[Provided material]:
------

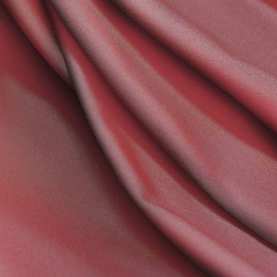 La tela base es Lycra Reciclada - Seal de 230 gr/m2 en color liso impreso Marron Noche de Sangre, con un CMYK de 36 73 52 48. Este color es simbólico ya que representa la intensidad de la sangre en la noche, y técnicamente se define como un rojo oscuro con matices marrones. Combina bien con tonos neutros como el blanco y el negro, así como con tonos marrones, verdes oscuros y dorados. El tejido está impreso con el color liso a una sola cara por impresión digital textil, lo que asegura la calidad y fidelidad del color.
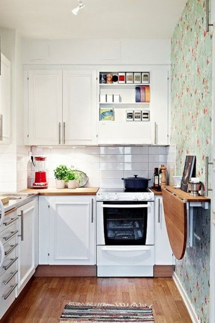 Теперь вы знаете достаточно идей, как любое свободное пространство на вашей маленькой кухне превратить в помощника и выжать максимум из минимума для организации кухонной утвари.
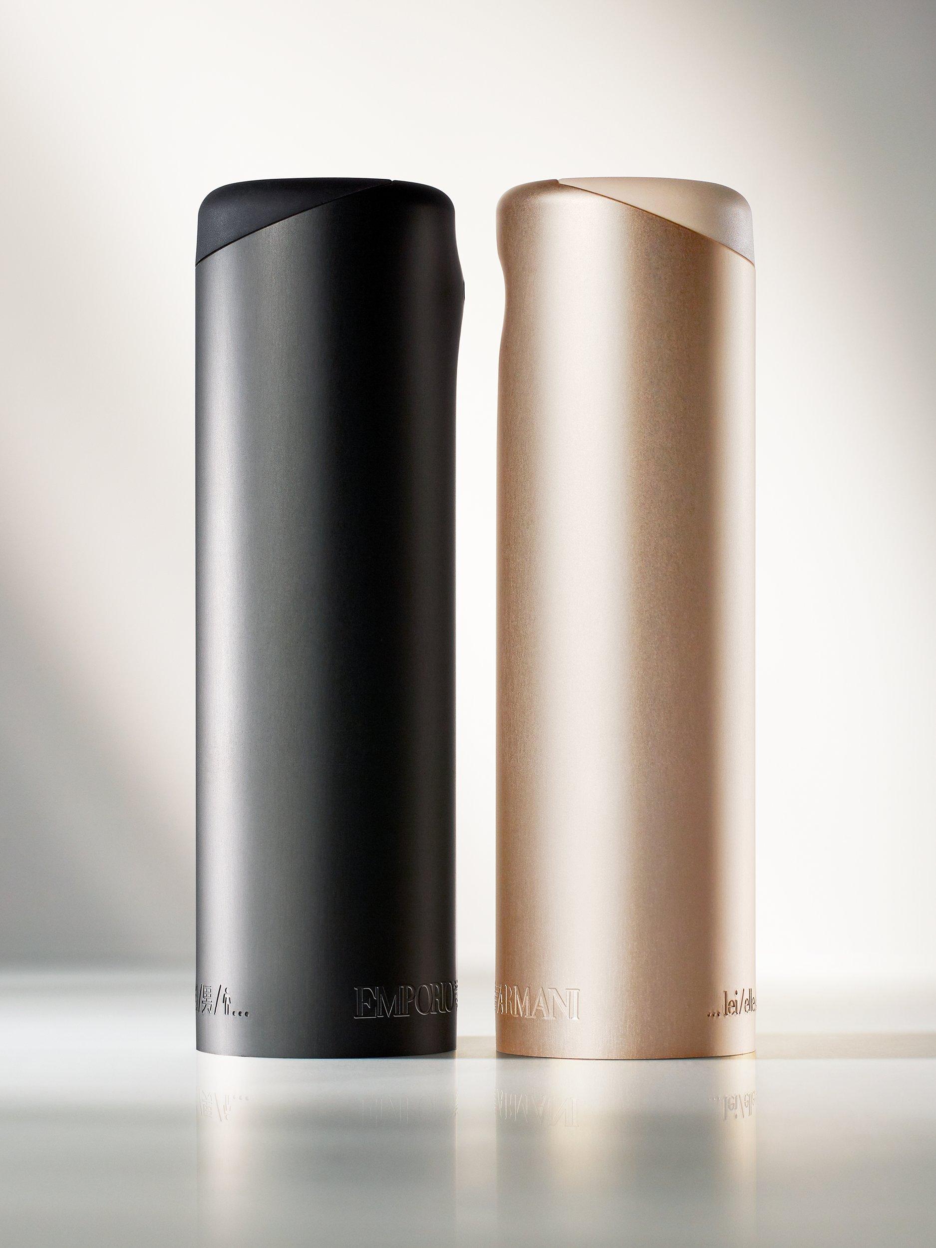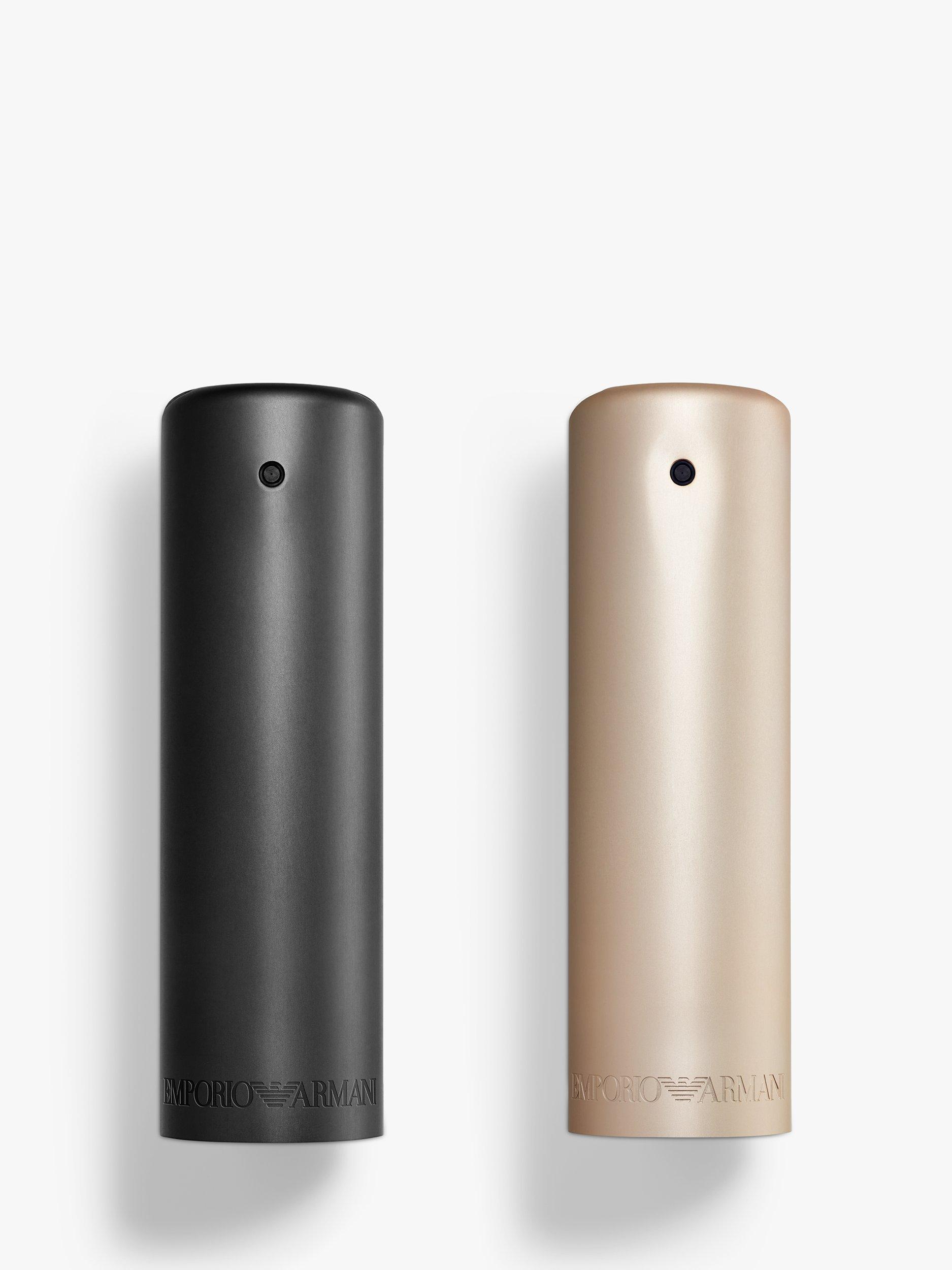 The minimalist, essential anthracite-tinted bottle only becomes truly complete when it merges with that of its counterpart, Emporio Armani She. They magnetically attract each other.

------

[Required work]: Reproduce exactly the lines from the one with "Теперь вы знаете" to the bottom of the listing, both ends included, and nothing else. Skip the pictures.

[Answer to this task]:
 Теперь вы знаете достаточно идей, как любое свободное пространство на вашей маленькой кухне превратить в помощника и выжать максимум из минимума для организации кухонной утвари.
 The minimalist, essential anthracite-tinted bottle only becomes truly complete when it merges with that of its counterpart, Emporio Armani She. They magnetically attract each other.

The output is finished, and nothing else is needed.